Su radio de acción era una zona comprendida desde el extremo de la Casa de Campo, en donde se encuentran el ventorro de Agapito y las ventas de Alcorcón, hasta los Carabancheles; desde aquí, las orillas del arroyo Abroñigal, La Elipa; el Este, las Ventas y la Concepción hasta la Prosperidad; luego Tetuán hasta la Puerta de Hierro. Dormían, en verano, en corrales y cobertizos de las afueras.

Los del centro, mejor vestidos, más aristócratas, tenían ya su golfa, a ]a que fiscalizaban las ganancias y que se cuidaban de ellos; pero la golfería del centro era ya distinta, de otra clase, con otros matices.

A veces el Bizco y Vidal habían pasado malas épocas, comiendo gatos y ratas, guareciéndose en las cuevas del cerrillo de San Blas, de Madrid Moderno y del cementerio del Este; pero ya tenían los dos su apaño.

-¿Y de trabajar? ¿Nada? -preguntó Manuel.

-¡Trabajar!... pa el gato -contestó Vidal.

Ellos no trabajaban, tartamudeó el Bizco; con su chaira en la mano, ¿quién le tosía a él?

En el cerebro de aquella bestia fiera no habían entrado, ni aun vagamente, ideas de derechos y de deberes. Ni deberes, ni leyes, ni nada; para él la fuerza era la razón; el mundo un bosque de caza. Sólo los miserables podían obedecer la ley del trabajo; así decía él: El trabajo pa los primos; el miedo pa los blancos.

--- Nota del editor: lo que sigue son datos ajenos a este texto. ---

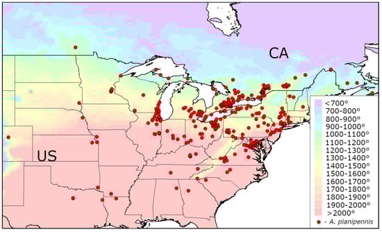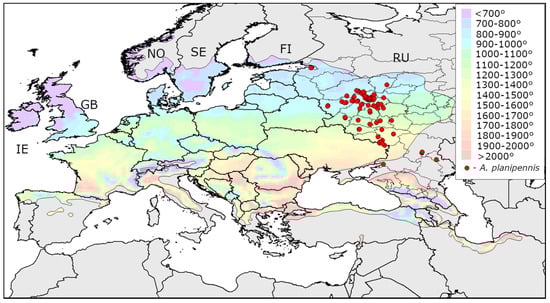 The following are available online at https://www.mdpi.com/article/10.3390/insects13010052/s1, Table S1: Localities, where A. planipennis has been recorded in Asia, North America and Europe; File S1: Detailed description of the calculations of the mean AGDD10. Table S2: Results of calculations: the mean AGDD10 per year in 2003–2020 in each grid square.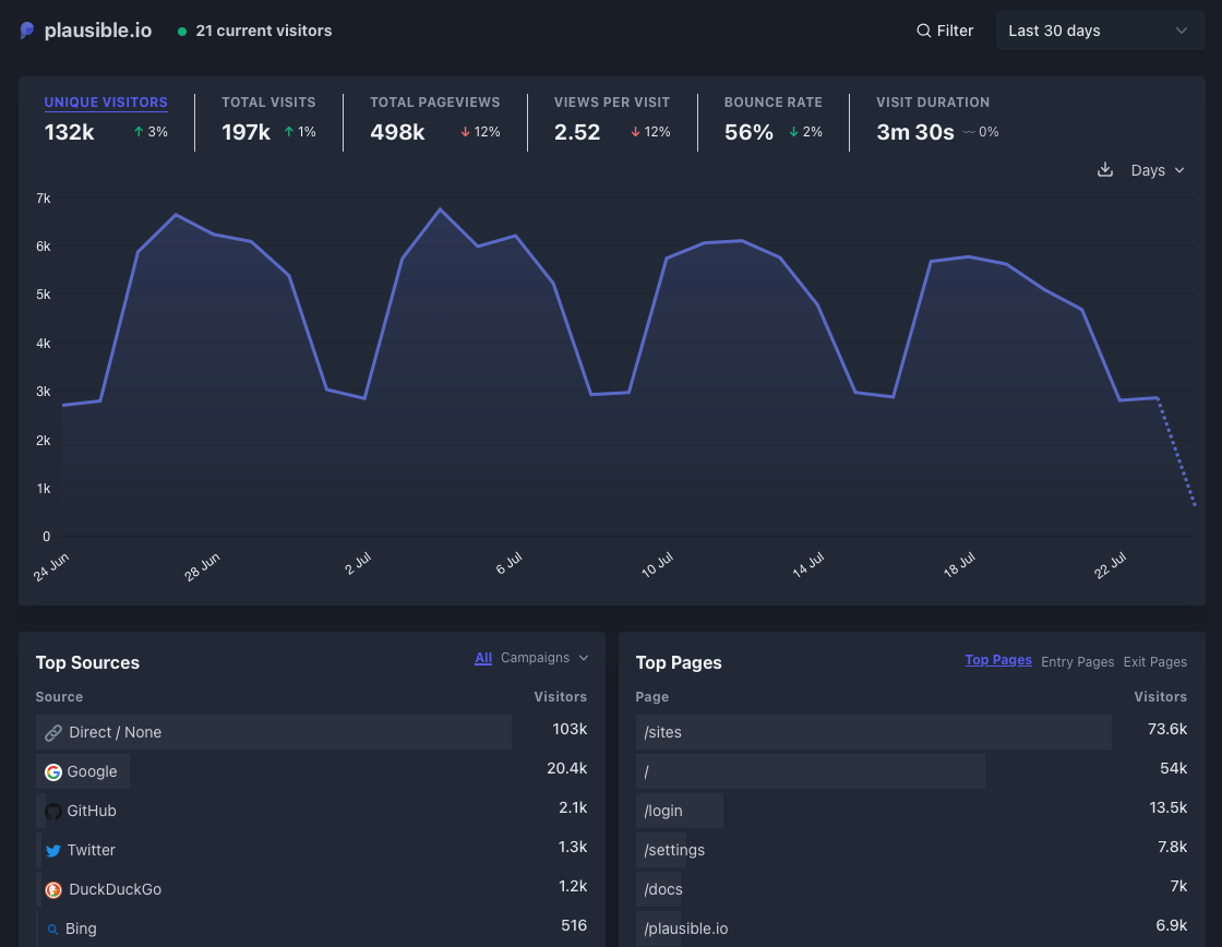 - Simple dashboard: Plausible's dashboard is clean and easy to understand, focusing on the essential metrics without overwhelming you with data.

Mientras hablaban los tres, pasaron por la carretera un hombre y una mujer con un niño en brazos. Tenían aspecto entristecido, de gente perseguida y famélica, la mirada tímida y huraña.

-Esos son los que trabajan -exclamó Vidal-. Así están ellos.

-Que se hagan la santísima -murmuró el Bizco.

-¿Adónde irán? -preguntó Manuel, contemplándolos con pena.

A los tejares -contestó Vidal-. A vender azafrán, como dicen por ahí.

-¿Y por qué dicen eso?

-Como el azafrán es tan caro...

Se detuvieron los tres y se tendieron en el suelo. Estuvieron más de una hora hablando de mujeres y de medios de sacar dinero.

-¿No tenéis perras? -preguntó Vidal a Manuel y al Bizco.

-Dos reales -contestó éste.

-¡Anda, convida! Vamos a tomar una botella.

Accedió el Bizco refunfuñando, se levantaron y se fueron acercando a Madrid. Una fila de burros blanquecinos pasó por delante de ellos; un gitano joven y moreno, con una larga vara debajo del brazo, montado en las ancas del último borrico de la fila, gritaba a cada paso: ¡Coroné! ¡coroné!